One of these films by a fledgling director was Quentin Tarantino’s Reservoir Dogs, which Harpak saw at the London Film Festival and brought to Jerusalem. Other directors who can count Jerusalem as one of the first international film festivals in which their films were shown include Susanne Bier, Atom Egoyan, Darren Aronofsky, Michael Haneke, Wong Kar Wai, Tsai Mingliang, John Sayles, Jim Jarmusch, Stephen Frears, Spike Lee, Neil Jordan, John Lasseter and Lena Dunham.
The festival brought works by these directors to Israel long before most of them were being distributed internationally, and a generation of Israeli filmmakers has grown up on films they saw at this festival.
“We’ve had so many filmmakers show their student films and their short films at the festival, and then come back and show longer works,” notes Harpak, adding that the student film competition, which is shown at the festival in three parts, is especially strong this year.
The festival has always given out awards for Best Israeli Feature, Best Israeli Documentary, and Best Israeli Short Film, once called the Wolgin Awards (the awards for features are now known as the Haggiag Family Awards, while the documentary awards are called the Van Leer Awards).
There are also various awards for films in the “Jewish Experience” category, and the Pirchi Awards for Best First or Second Israeli Feature. The In the Spirit of Freedom Awards, in memory of van Leer’s late husband, honor filmmakers whose movies deal with human rights issues, and there is an award for Israeli high school students’ films in his name as well. However, unlike at most large film festivals, there is no award for the best international feature.
“Lia wanted to focus on the Israeli filmmakers,” says Harpak. “She wanted to give a boost to the local industry, and to also emphasize human rights, with the In the Spirit of Freedom Award.”
There is no question that the festival has succeeded in buoying the local film industry.

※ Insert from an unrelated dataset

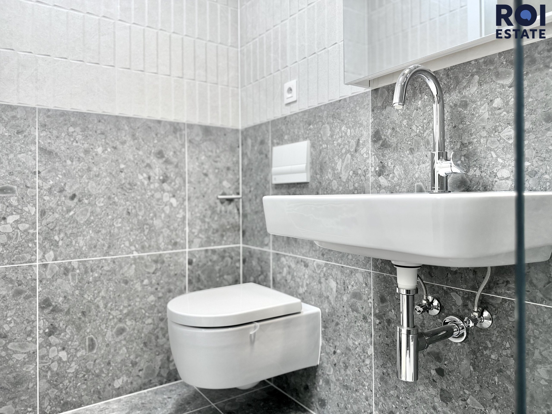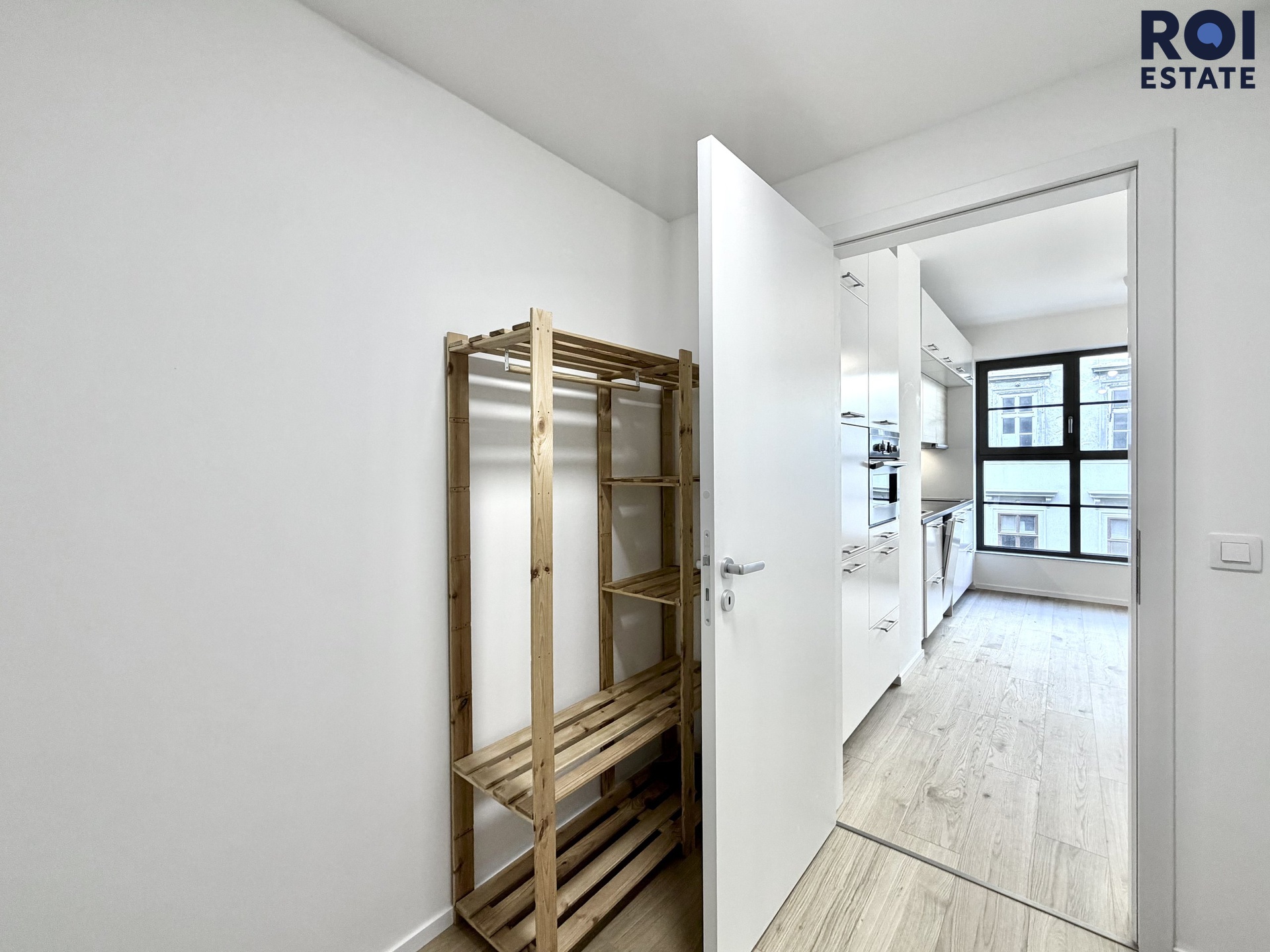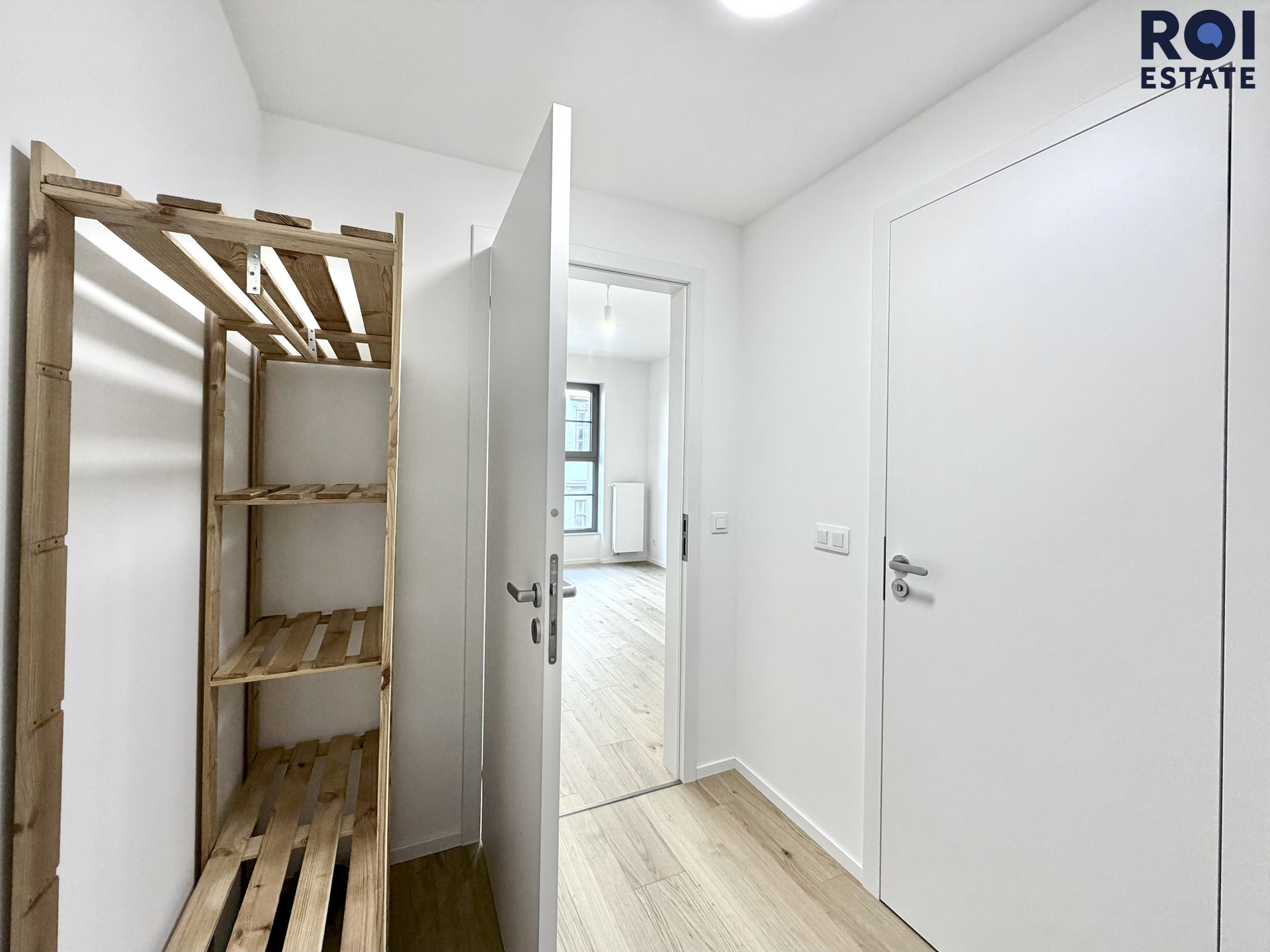 Hned u vstupu vás uvítá světlá předsíň, kde najdete stylový dřevěný policový regál, který skvěle poslouží pro uložení kabátů, bot nebo vašich oblíbených dekorací. Koupelna je pak skutečnou oázou elegance. Je obložená velkoformátovou dlažbou v dekoru kamene a nabízí prostorný sprchový kout se skleněnou zástěnou, designové umyvadlo a toaletu. Celý prostor doplňuje zrcadlo s integrovaným LED osvětlením a kvalitní dřevěná plovoucí podlaha, která celému ateliéru dodává útulnou atmosféru. Výhodou mlže být i to, že prostor je jinak nezařízený, což vám dává absolutní svobodu vytvořit si interiér snů přesně podle vašich potřeb.

It’s all there in the festival programs.
Joseph Cedar’s second film, Campfire, was shown at the festival in 2004, and his next two, Beaufort and Footnote, were nominated for Oscars. Similarly, Ari Folman’s 2001 movie Made in Israel was at the festival, and his next movie was the Oscar-nominated, Golden Globe-winning Waltz with Bashir. The Oscar-nominated Ajami, directed by Scandar Copti and Yaron Shani, premiered at the festival in 2009, as did Samuel Maoz’s Lebanon, which went on to win the Golden Lion at the Venice Film Festival. Dover Kosashvilli, Nir Bergman, Eran Kolirin, Dror Shaul, Nadav Lapid, Eytan Fox and many others showed their early work at the festival and went on to worldwide success.
A parallel transformation has taken place in the documentary realm. Last year, for example, two of the five nominees for the Best Documentary Oscar, Emad Burnat’s and Guy Davidi’s 5 Broken Cameras and Dror Moreh’s The Gatekeepers, were shown first at the festival in 2012.
AS THE critics’ preview program ends, van Leer is still busy, heading down to the lawn, where the staff is setting up for an evening of films aimed at teens and students. She chats about the program, and even samples some of the popcorn. She agrees to reminisce a bit, but is soon drawn away to attend to the evening’s program.
She is always focused on the task at hand, and happiest when she is surrounded by the often young audiences that frequent the Cinematheque.
I first sat down for a long interview with her just before the opening of the 19th festival, in 2002, when the second intifada was at its height, but what she said then rings just as true today: “We have to go on. I feel the films this year will not be only an escape for people, but also maybe a way of helping them understand things better. That’s what I hope.”